Ginga observations of Cygnus X-2

We have analysed all available X-ray data on the low-mass X-ray binary Cygnus X-2 obtained with the Ginga satellite. A detailed analysis of the spectral and fast timing behaviour of these 4 years of data provides new insights in the behaviour of this Z source. We confirm the previously observed recurrent patterns of behaviour in the X-ray colour-colour and hardness-intensity diagrams consisting of shifts and shape changes in the Z track. However, we find a continuous range of patterns rather than a discrete set. The source behaviour in the diagrams is correlated with overall intensity, which varied by a factor of 1.34 in the Ginga data.

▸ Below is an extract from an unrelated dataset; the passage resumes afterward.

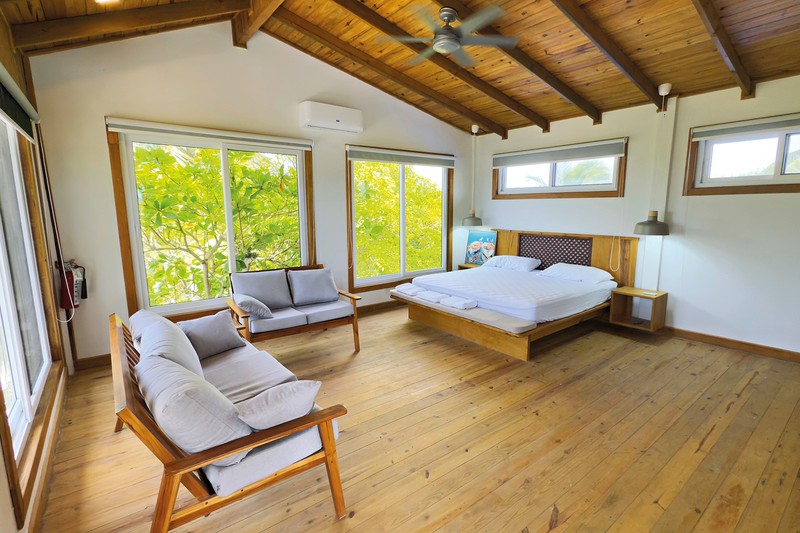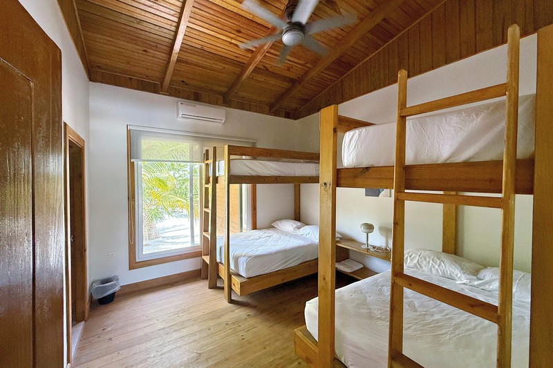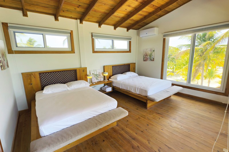 Cayo Largo ist ein kleines, privates, karibisches Refugium für bis zu 18 Gäste und garantiert die Privatsphäre, die Sie suchen. Im Erdgeschoss befinden sich drei Zimmer, jeweils mit zwei Twin- und zwei Queensize-Betten (Doppelstock-Betten), alle mit eigenem Bad, sowie ein gemeinsames Wohnzimmer, eine Küche und ein Esszimmer. Im Obergeschoss gibt es zwei Zimmer: eines mit zwei Queensize-Betten und eine Suite mit einem Kingsize-Bett. Alle Zimmer verfügen über Klimaanlage, WLAN (Starlink) und Ventilatoren. Eine gemeinsame Terrasse mit Bar und Loungebereich bietet Blick auf Strand und Meer.

We find that when the overall intensity increases, the mean velocity and acceleration of the motion along the normal branch of the Z track increase, as well as the width of the normal branch in the hardness-intensity diagram. Contrary to previous results we find that, during different observations, when the source is at the same position in the normal branch of the Z track the rapid X-ray variability differs significantly. During the Kuulkers et al. (1996a) ''medium'' level, a normal branch quasi-periodic oscillation is detected, which is not seen during the ''high'' overall intensity level. Also, during the high overall intensity level episodes the very-low frequency noise on the lower normal branch is very strong and steep, whereas during the medium overall intensity level episodes this noise component at the same position in the Z track is weak and less steep. The explanation of the different overall intensity levels with a precessing accretion disk is difficult to reconcile with our data. Furthermore, we found that the frequency of the horizontal branch quasi-periodic oscillation decreases when Cygnus X-2 enters the upper normal branch, giving a model dependent upper limit on the magnetic field strength at the magnetic equator of similar to 8.5 x 10(9) G. We also report five bursts, with durations between two and eight seconds, whose occurrence seems to be uncorrelated with location in the Z track, overall intensity level or orbital phase. The burst properties indicate that they are not regular type I bursts.